Part of Advances in Neural Information Processing Systems 36 (NeurIPS 2023) Main Conference Track
Evangelos Ntavelis, Aliaksandr Siarohin, Kyle Olszewski, Chaoyang Wang, Luc V Gool, Sergey Tulyakov
Diffusion-based methods have shown impressive visual results in the text-to-image domain. They first learn a latent space using an autoencoder, then run a denoising process on the bottleneck to generate new samples. However, learning an autoencoder requires substantial data in the target domain. Such data is scarce for 3D generation, prohibiting the learning of large-scale diffusion models for 3D synthesis.

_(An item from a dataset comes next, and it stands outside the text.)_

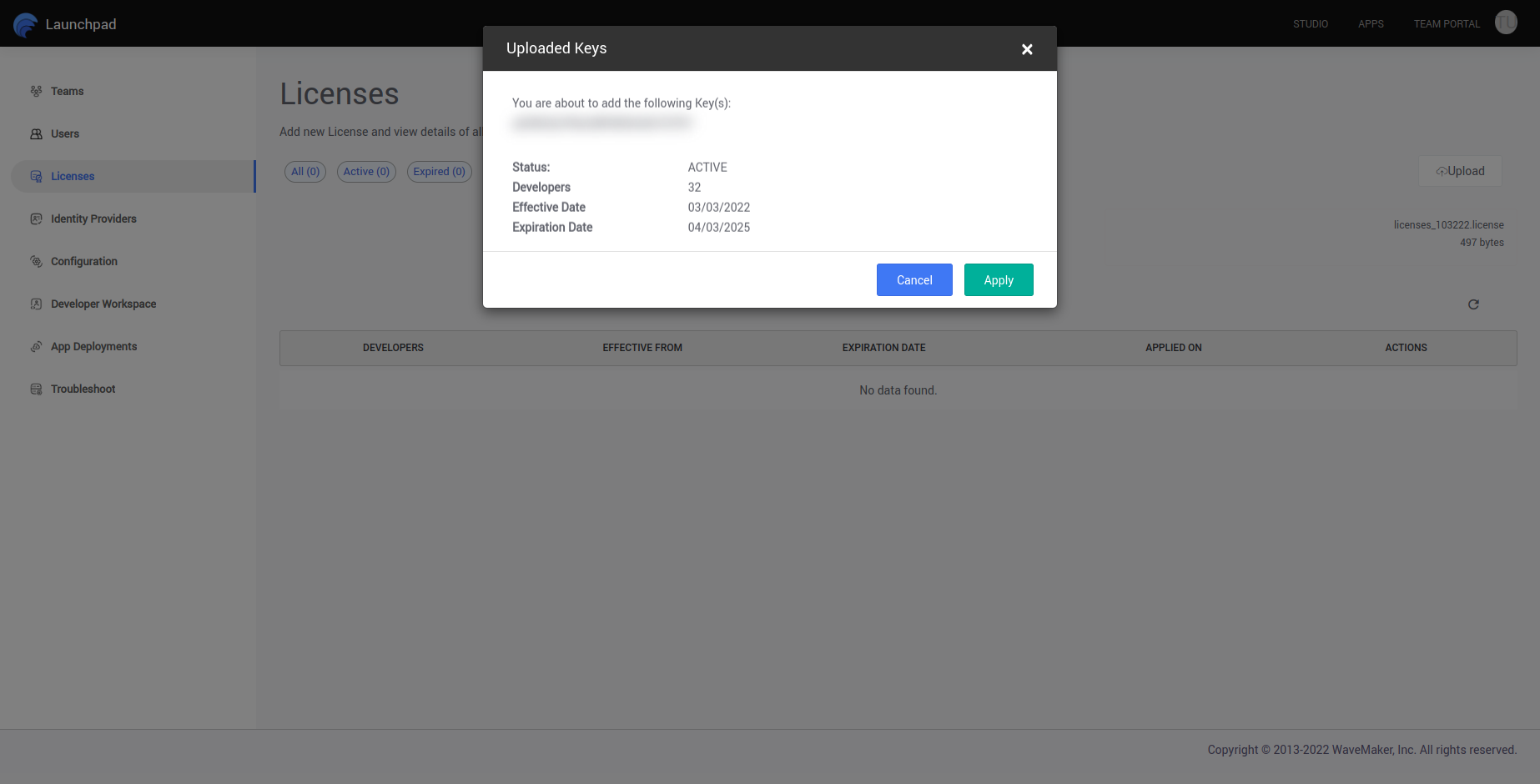 offeringswmeInstallationCommon StepsApply LicenseOn this pageApply LicenseApplying license from Launchpad Go to http://PLATFORM_DOMAIN/launchpad. At license section, select the Upload to upload license key file shared by WaveMaker team. After uploading file select upload keys to apply the license key.

We present a novel approach to the generation of static and articulated 3D assets that has a 3D autodecoder at its core. The 3D autodecoder framework embeds properties learned from the target dataset in the latent space, which can then be decoded into a volumetric representation for rendering view-consistent appearance and geometry. We then identify the appropriate intermediate volumetric latent space, and introduce robust normalization and de-normalization operations to learn a 3D diffusion from 2D images or monocular videos of rigid or articulated objects. Our approach is flexible enough to use either existing camera supervision or no camera information at all -- instead efficiently learning it during training. Our evaluations demonstrate that our generation results outperform state-of-the-art alternatives on various benchmark datasets and metrics, including multi-view image datasets of synthetic objects, real in-the-wild videos of moving people, and a large-scale, real video dataset of static objects.